At the time he said: Raj said: “It is my great honour to accept this position in the Royal Navy as one of the honorary officers. I want to use this position to create greater diversity in the Navy, to show the community that the Navy will be supportive and that there are amazing careers on offer with first rate skills training and opportunities to see the world.”

Since 2018 he been promoted twice and in March 2020 was given the rank of honorary Captain at an event in Birmingham by First Sea Lord Admiral Sir Tony Radakin.

The First Sea Lord said: "Since Raj's appointment as an Honorary Officer he has been a tireless advocate for the Service and this promotion reflects his commitment and hard work. A particular highlight was seeing his affiliated ship, HMS Dragon, lit up at sea to celebrate Diwali, in an image that reached audiences throughout the world."

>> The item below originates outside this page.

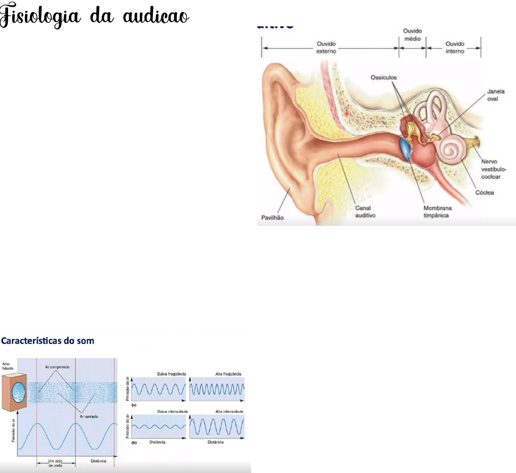 O som é a vibração do ar, imaginando que tem uma caixa, esse ar vai passar vibrando em algumas regiões mais comprimidas e outras com menos moléculas que seriam o ar rarefeito, e essa sequencia. Esse som ai ser captado pelo nosso ouvido A gente pode caracterizar esse som pela sua frequencia: Som de baixa frequencia e som de alta frequencia Frequencia é o comprimento de onda, quando mais baixa a frequencia sera um som mais grave, já sons mais agudos serão alta frequencia Sons de baixa frequencia = som grave Sons de alta frequencia = sons agudos Outra característica do som é a sua intensidade, que é o volume do som, sendo alta ou baixa. No gráfico de intensidade está em mesma frequencia O que caracteriza ser alta ou baixa intensidade, é o numero de moléculas que eu vou ter no ar comprimido e rareifeito Quando tem alta intensidade tem muitas moléculas de ar ou seja mais comprimido. Nosso ouvido, e sistema nervoso tem a capacidade de entender diversas intensidades e frequências Variação de frequencia audível : 20 a 20.000hz Do pavilhão auditivo até nossa membrana timpânica, a gente fala que é o ouvido externo No ouvido médio tem os ossículos: martelo, bigorna e estribo. É uma cavidade que possui esses ossinhos e alguns músculos e também preenchida por ar O ouvido interno faz a transmissão do sinal mecânico no sinal elétrico e a região que participa é a cóclea que tem formato de espiral e sai dai o nervo auditivo que vai levar informação para o SNC O som vai chegar ate a membrana timpânica, da membrana timpânica vai vibrar por esses ossículos A função desse ossículos é amplificar esse som que está chegando, o som que está sendo convertido na membrana timpânica vai ser amplificado no ouvido médio e a vibração desses ossículos vai transmitir para a região da cóclea O estribo esta ligado a região da cóclea através de uma janela oval A cóclea é revestida por uma estrutura óssea mas bem na região da janela oval não é osso, pois se fosse não conseguiria transmitir esse efeito mecânico. Esse estribo vai funcionar como um pistão. Então ele vai movimentar essa janela oval, que vai produzir um movimento na cóclea e isso vai conseguir transmitir o som que foi captado pela membrana timpânica Dentro da cóclea é preenchido por liquido e para transmitir a informação para a cóclea recisa amplificar esse efeito mecânico Existem dois músculos importante: musculo tensor do tímpano e musculo estapédio. Esses dois músculos tem efeito de amenizar essa intensidade. Ou seja é um mecanismo protetor do nosso ouvido para sons de alta intensidade/volume. Esses músculos tem um retardo na contração! Imagina então que o som ta chegando e captado pela membrana timpânica, vai vibrar os ossículos, que através do estribo como um pistão vai transmitir essa força mecânica para dentro da cóclea. No ouvido interno temos a cóclea e os canais semicirculares que estão relacionados ao equilíbrio. A cóclea tem 3 cavidades. Essas cavidades são as escalas ou rampas. A escala vestibular é separada da escala media por membrana de reissner. So tem osso na região externa da cóclea. Ou seja se houver algum problema na escala vestibular, pode afetar a escala media Sobre a membrana basilar tem o órgão de Corti que é a região onde se encontra células responsáveis por transduzir o sinal mecânico em sinal elétrico. Existe liquido em toda a cóclea. Existe uma comunicação entre a rampa do vestíbulo e rampa do tímpano ocorre na porção final da cóclea. Existe um liquido que esta dento da escala media que é a endo linfa e outro que esta na rampa timpanica e vestibular que é o perilinfa Quando oos ossículos se movimentam, e o estribo vai movimentar essa janela oval como se fosse um pistao movimentando o liquido dentro da cóclea Para se tornar mais maleável existe a janela redonda que volta o movimento Na escala media tem a membrana basilar que tem o órgão de Corti. Uma vez que o estribo faz o movimento de pistão ele vai movimentar o liquido dentro da cóclea e a onda sonora vai movimentr o liquido e formando ondas que seram detectadas por células que são capazes de detectar essa alteração mecânica A membrana basilar que se movimenta. Tem uma estrutura mais fina na base e uma mais larga no ápice. A região da base mais fina é mais rígida, dura e na região do ápice é mais flexível. De acordo com a frequencia que o som ta sendo produzido, ele vai ativar células diferentes em regiões diferentes da região basilar, as freq. Mais altas: agudos serão detectados na base da memb basilar, já sons mais graves de freuqencias menores serão detectados no ápice. Na escala vestibular e timpânica tem a perilinfa Na escala media tem a endolinfa – liquido tem alta concentração de potássio. Importante para a trandução do sinal. Sons mais graves no ápice O que é composto o órgão de corti? Diversas células. As células que são responsáveis em transduzir esse sinal mecânico em elétrico que são as celulas ciliadas do órgão de corti que transmitem informação para o axônio que forma o gânglio espiral que esta dentro da cóclea que vai formar o nervo coclear e vai subir pro SNC. A membrana tecturial junto aos cílios vao ser importante para conseguir a transdução. Os cílios ficam apoiados na membrana tectorial e de acordo com o movimento desses cílios é que vai induzir uma despolarização dessa célula ciliada. Através do movimento do cilio, causa a abertura do canal de potássio e a entrada de potássio e acontece a movimentação As célula ciliada libera glutamato e transmite a informação para o neurônio. Então é um mecanismo diferente: sinal mecânico abrindo esses canais e entra potássio causando uma despolarização na célula fazendo com que abra canais de cálcio e aumento de cálcio intracelular, induz a translocação dessas vesículas que contem um neurotransmissor que vai induzir o potencial de

== Appointments and honours ==
- Officer of the Most Excellent Order of the British Empire (OBE)
- Honorary Consul for India with jurisdiction for Wales
- Deputy Lieutenant for South Glamorgan (DL)
- Member of the Governing Body (The council) of Cardiff University
- Member of the board of the Wales Millennium Centre
- Member of the board of the National Pharmaceutical Association
- Member of the board of the Cardiff Business Club
- Member of the board of the Welsh International Business Council
- Chairman of Kidney Wales Foundation and Donate Wales
- Chairman of Community Pharmacy Wales
- Granted Coat of Arms by College of Arms
- Honorary Fellowship from Cardiff Metropolitan University
- Honorary Fellowship from University of South Wales
- Appointed Fellow of Royal Pharmaceutical Society
- President of Consular Association of Wales
- Institute of Directors Awards - Directors' Award winner 2019
- Granted an honorary commission by Royal Navy to the position of Honorary Lieutenant Commander on 16 September 2018, the first Indian born recipient of such an honour.
- Granted an honorary Captaincy by Royal Navy in March 2020.